The Ruzsa–Szemerédi problem asks for the maximum number of edges in a locally linear graph, i. e. a graph in which every edge belongs to a unique triangle (equivalently, any two adjacent vertices have exactly one common neighbor). I am trying to solve the regular version of this problem: for a given $n$, what is the maximum number $r$ such that an $n$-vertex $r$-regular locally linear graph exists (let us denote this number as $r_n$)? This question seems quite natural and easier than the original one, though I couldn't find any publications on it. I'd be grateful for your proof tips or links.

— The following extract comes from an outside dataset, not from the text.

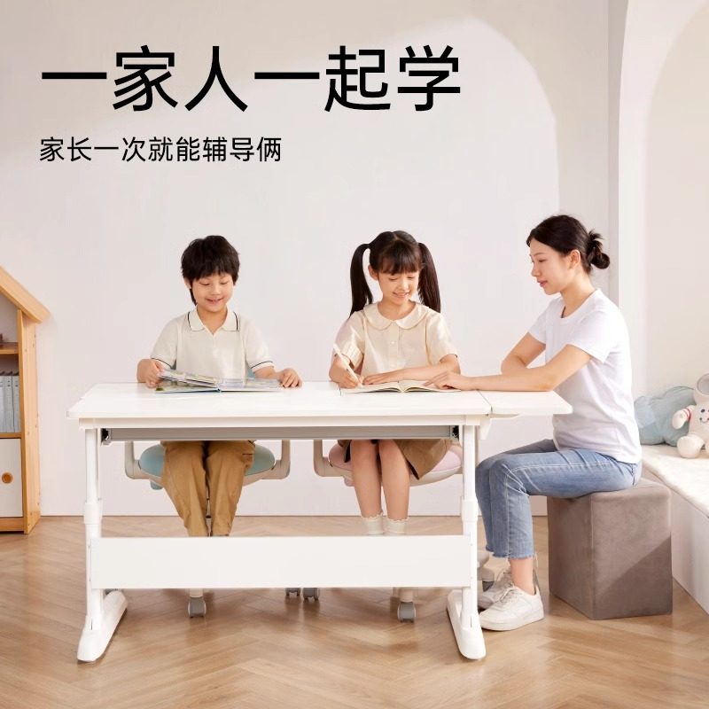 护童儿童学习桌小学生可升降书桌家用写字桌椅套装简约百搭大白桌

Some trivial results I've found

1. $r_n$ is even.
2. $r_n$ or $n$ is divisible by $3$.
3. $r_n\leq n/3+1$
4. $r_n\leq\sqrt{2(n-1)}$ if there is an $n$-vertex $r_n$-regular locally linear graph containing no subgraphs isomorphic to the following graph:

Answer 1

I think I have a better solution than original. I really hope I did not make mistake.

Let $|G| = 3^k$

I would conjecture that $2^k\leq r_{3^k}$. Following is my attempt on the proof of that statement.

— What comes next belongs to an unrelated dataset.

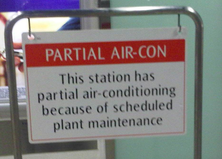 Afin d’éviter une avalanche de plaintes au service consommateurs et dans le courrier des lecteurs des journaux locaux, la société de transports en commun annonce ce matin, toute honte bue, qu’aujourd’hui, seule une climatisation partielle rafraichît la station… How shocking (même si la station est aussi fraîche que d'habitude) !

We will denote vertices of that graph with string of k digits between 0-2
We will denote a $rule$ as string of k digits between 0-2 with at least one non zero value
The action of a rule on a vertex or a rule will be result of adding digits on a respective positions modulo 3.

Example: $r = 011, v=121$
$r \circ v=102,r^2 \circ v= 110,r^3 \circ v = 121$

The rule will be a way in which we are constructing triangles. So looking in previous example vertices 121,102 and 110 would have all edges between them. But the choice of vertex is arbitrary so to obtain full set of edges we will apply all rules to all vertices.

Let $R_k$ be a set of rules length $k$ satisfying following conditions:

1. $\forall_{i,j}\; r_i^{p_1}\neq r_j^{p_2}$ where $p_1,p_2 \in \{1,2\}$
   
2. $\forall_{i,j,m}\; r_i^{p_1}\circ r_j^{p_2} \neq r_m^{p_2}$ where $p_1,p_2,p_3 \in \{1,2\}$
   

The first condition ensures two rules does not create the same triangle. The second one ensures that two adjacent vertices have exactly one common neighbor. As you might notice we can combine there two condition into one but I chose this way as it better illustrates the point.

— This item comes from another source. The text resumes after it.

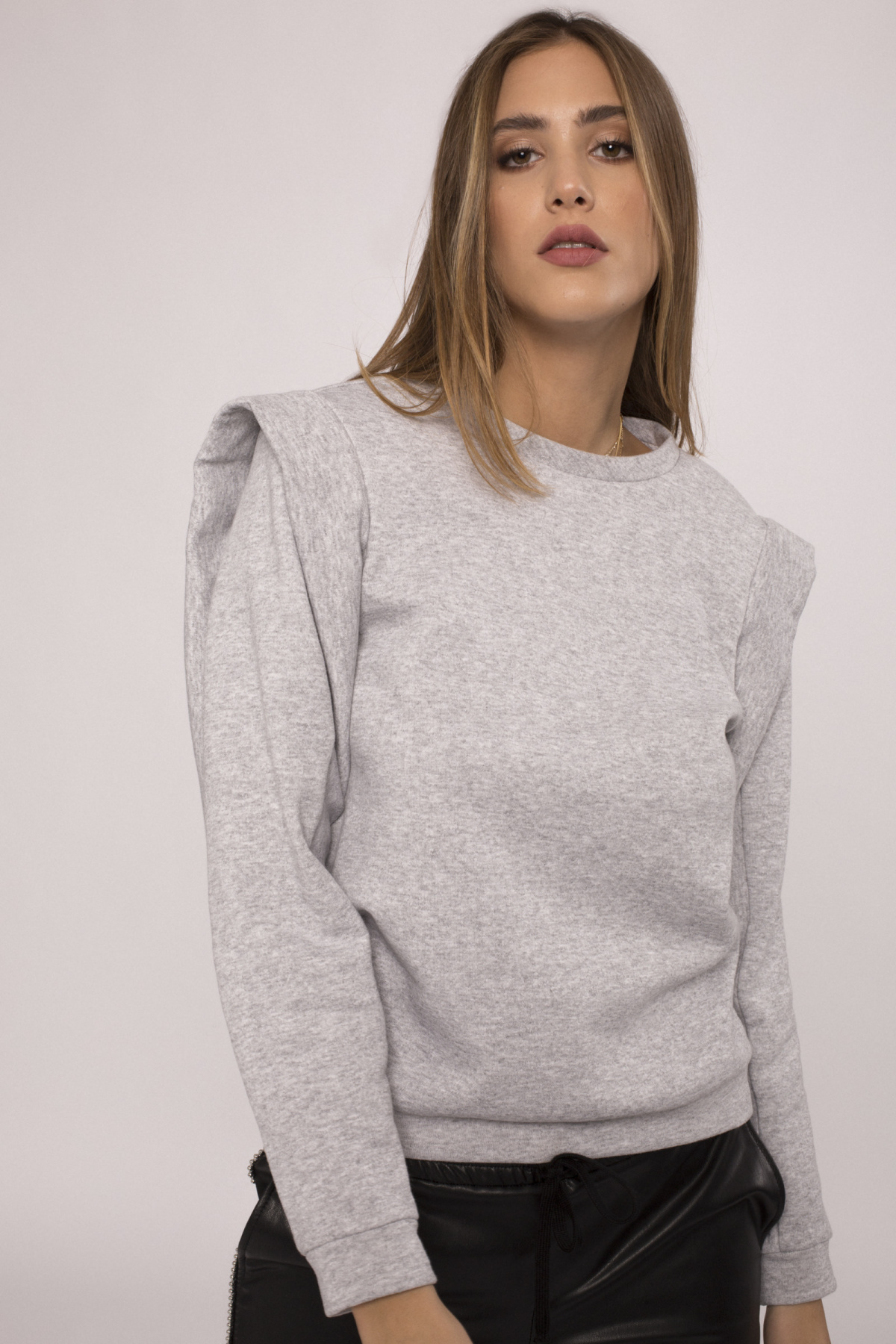 Top din bumbac cu umeri proeminenti

T: Graph obtained from applying rules $R_k$ does not contain contain an edge belonging to two different triangles.

We can see there are two options for forming such an edge. Either that edge is contained in at least two triangles formed by our rules, or it is contained in a triangle formed by a different rules where it so happens they share vertices.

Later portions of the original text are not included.